Заметим: Вишняк не символический очень способен понять гротеск такого оборота, такого положения. Он и понимает (см. его последнюю статью в «Днях»), но… понимает лишь тогда, когда спускается внутрь своего «левого» круга, когда дело идет о борьбе левых партий между собой, или даже о споре между двумя однопартийцами. В таком своем споре — с Лебедевым — Вишняк отлично призывает к «мужественной правде, к готовности применить оружие критики не только в отношении к противнику, но и к себе»; он признает невозможным (и «гротескным», конечно), чтобы левый партиец говорил: «Партия — это я!». Ну вот, а я только расширяю дело, соответственно реальности; и тоже нахожу неутешительным, даже вредоносным (хотя и смешным немного) тот факт, что все левые, — вообще, — постоянно говорят: «Свобода — это мы!».
Словами-то не говорят, положим (да и ведь Лебедев словами не сказал, «партия — это я»). Но так живут, отсюда действуют. Ни обычными, ни тем менее вишняковскими способами, нет нужды доказывать, насколько всосалось в жизнь, и как непрерывно в жизни реализуется, исходное положение: путь свободы — путь наш: кто с нами, тот делает дело свободы и за свободу; все остальные — против свободы.
Почему Кускова, Сухомлин «за свободу?». Потому что «левые», потому что «с нами» (даже в одном органе с Вишняком). Чернов в другом, но тоже в левом, значит — тоже делает дела свободы. Бердяев еще недавно был не «с нами», т. е. против свободы; но вот, поплыл на веселой лодочке «Верст» в сторону… чего разбирать? явно же — в левую! — и оказался «с нами», в вишняковском левом органе: следовательно — на «пути свободы».

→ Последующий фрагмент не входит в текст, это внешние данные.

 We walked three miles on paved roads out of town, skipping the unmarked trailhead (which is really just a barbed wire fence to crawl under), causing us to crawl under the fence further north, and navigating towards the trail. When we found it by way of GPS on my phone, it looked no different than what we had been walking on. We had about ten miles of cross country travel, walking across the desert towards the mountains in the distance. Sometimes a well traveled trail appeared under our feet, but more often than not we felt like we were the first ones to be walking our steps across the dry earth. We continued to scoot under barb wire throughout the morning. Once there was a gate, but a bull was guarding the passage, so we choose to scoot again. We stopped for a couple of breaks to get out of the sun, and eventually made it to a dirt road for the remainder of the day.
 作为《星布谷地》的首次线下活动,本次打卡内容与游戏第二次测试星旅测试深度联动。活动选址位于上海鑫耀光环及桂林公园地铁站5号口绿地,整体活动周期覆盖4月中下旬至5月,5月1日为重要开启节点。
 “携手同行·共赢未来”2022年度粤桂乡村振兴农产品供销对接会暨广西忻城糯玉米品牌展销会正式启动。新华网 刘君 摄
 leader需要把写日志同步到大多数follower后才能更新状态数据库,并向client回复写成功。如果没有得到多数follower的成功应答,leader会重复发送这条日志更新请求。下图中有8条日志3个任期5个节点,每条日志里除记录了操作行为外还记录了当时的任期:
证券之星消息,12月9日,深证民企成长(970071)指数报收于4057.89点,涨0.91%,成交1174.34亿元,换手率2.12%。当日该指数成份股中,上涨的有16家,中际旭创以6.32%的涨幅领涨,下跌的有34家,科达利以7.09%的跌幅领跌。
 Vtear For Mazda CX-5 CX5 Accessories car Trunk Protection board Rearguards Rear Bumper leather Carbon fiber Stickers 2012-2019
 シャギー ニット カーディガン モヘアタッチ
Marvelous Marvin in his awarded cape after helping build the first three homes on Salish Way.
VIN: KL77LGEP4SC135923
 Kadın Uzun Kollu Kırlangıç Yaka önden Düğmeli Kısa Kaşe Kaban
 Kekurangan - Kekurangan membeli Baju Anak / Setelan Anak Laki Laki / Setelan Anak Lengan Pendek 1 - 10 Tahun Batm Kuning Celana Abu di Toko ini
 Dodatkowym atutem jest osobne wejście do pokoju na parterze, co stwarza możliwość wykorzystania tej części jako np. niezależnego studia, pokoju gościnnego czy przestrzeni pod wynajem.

Фактическая деспотия, которую являет подобный «путь свободы» (т. е. общая среда «левых») — лишь естественный всего этого результат. Растущая подозрительность — тоже. С деспотией подозрительность неразлучна. Мало-помалу, вся «деятельность» левых свелась к выслеживанию, кто не «с нами» (т. е. значит, «правый») и к борьбе со всеми этими «правыми». В эмиграции, в настоящий час, такая борьба — единственная, без спора дозволенная левыми кодексами; поэтому она и сделалась для «левой» части эмиграции главным, важнейшим, занятием; войной, — несколько эфемерной, бескровной, — но всепоглощающей. Рядом потрескивает, правда, огонек борьбы внутренней, домашней, межпартийной, межгрупповой, Вишняка с Лебедевым, но не этому захолустному огоньку подпалить духовные «левые» устои.
Что ж, «как было, так пусть и будет»? Вишняк уверяет, что этого хочет Лебедев; а я боюсь, что и чувства самого Вишняка недалеко от того же. Считалось, ведь, что все не-Лебедевы, не-Талины, не-Вишняки, не-Кусковы, не-Черновы и т. д., — «правые»? Ну, и пусть считается. Велась Лебедевым, Талиным, Вишняком и др. совместная, неутомимая, всезахватывающая война с такими «правыми»? Ну, и пусть ведется. И все способы, какие были, — пусть будут…
По Вишняку, между «мы» (путь левый) и всеми остальными, т. е. «правыми» — ничего нет. Никакого расстояния; так, разве, маленькое пустое место, чтоб фронт развернуть, нельзя же все время в рукопашную. Ну, а вдруг это маленькое пустое место и не пустое, и не маленькое? А что, если там, как раз, и находится любезная сердцу «левых» демократия, по головам которой они и ведут свое храброе наступление? Оттуда, из этого промежуточного места, многое видно. Видно, например, что армия настоящего противника, подлинных «правых», давно в разложении и совсем не страшна. Но и «левая» армия, ее безрассудительная война впустую, ее «путь свободы», менее всего соблазнительна. Левый путь так испорчен, что и поправлять, и починять его, может быть, не стоит. «Демократия» кое-что соображает, не такая уж овца, как думают левые генералы. Она ищет, где бы проложить настоящий «путь свободы». Не захотят левые помогать нам, не спецам, не профам, просто людям русским — не надо. Без них найдем. Как наш путь назовется, вторым, первым, третьим — все равно. Лишь бы не уводил в стороны, а вел прямо — к Свободе.
P. S. Эта заметка была уже написана, когда в «П. Н.» появилось несколько слов П. Н. Милюкова, касающихся меня. К сожалению, П. Н. М. так странно переплел упреки по адресу Мережковского с упреками мне, что, отвечая, все время приходится расплетать эту вязь, выделять касающееся меня. Но это необходимо. Мережковский, если захочет, ответит на свое сам.
Да, уверенности, что «Поел. Н.» придут (и еще логически) к тому, к чему они пришли, у меня не было. В моем согласии с П. Н. Милюковым, за все время сотрудничества моего в газете, ничего не было ни «двусмысленного», ни «недоговоренного»: я своей позиции никогда ни перед кем не скрываю. И, вероятно, позиция самого П. Н. не так уж далеко отстояла от моей: знаменитый «карандаш» ни одной у меня строки ни разу не вычеркнул. Главные линии наши совпадали (не говорю об оттенках): отношение газеты к «правым» — было созвучно моему: неоднократным заявлениям, что, по отношению к большевицкому насилию и большевикам, газета держится позиции революционной, — отвечала моя непримиримость. У нас с П. Н. М. была разная метафизика; но это, по его же словам, политическому согласию нашему не мешало.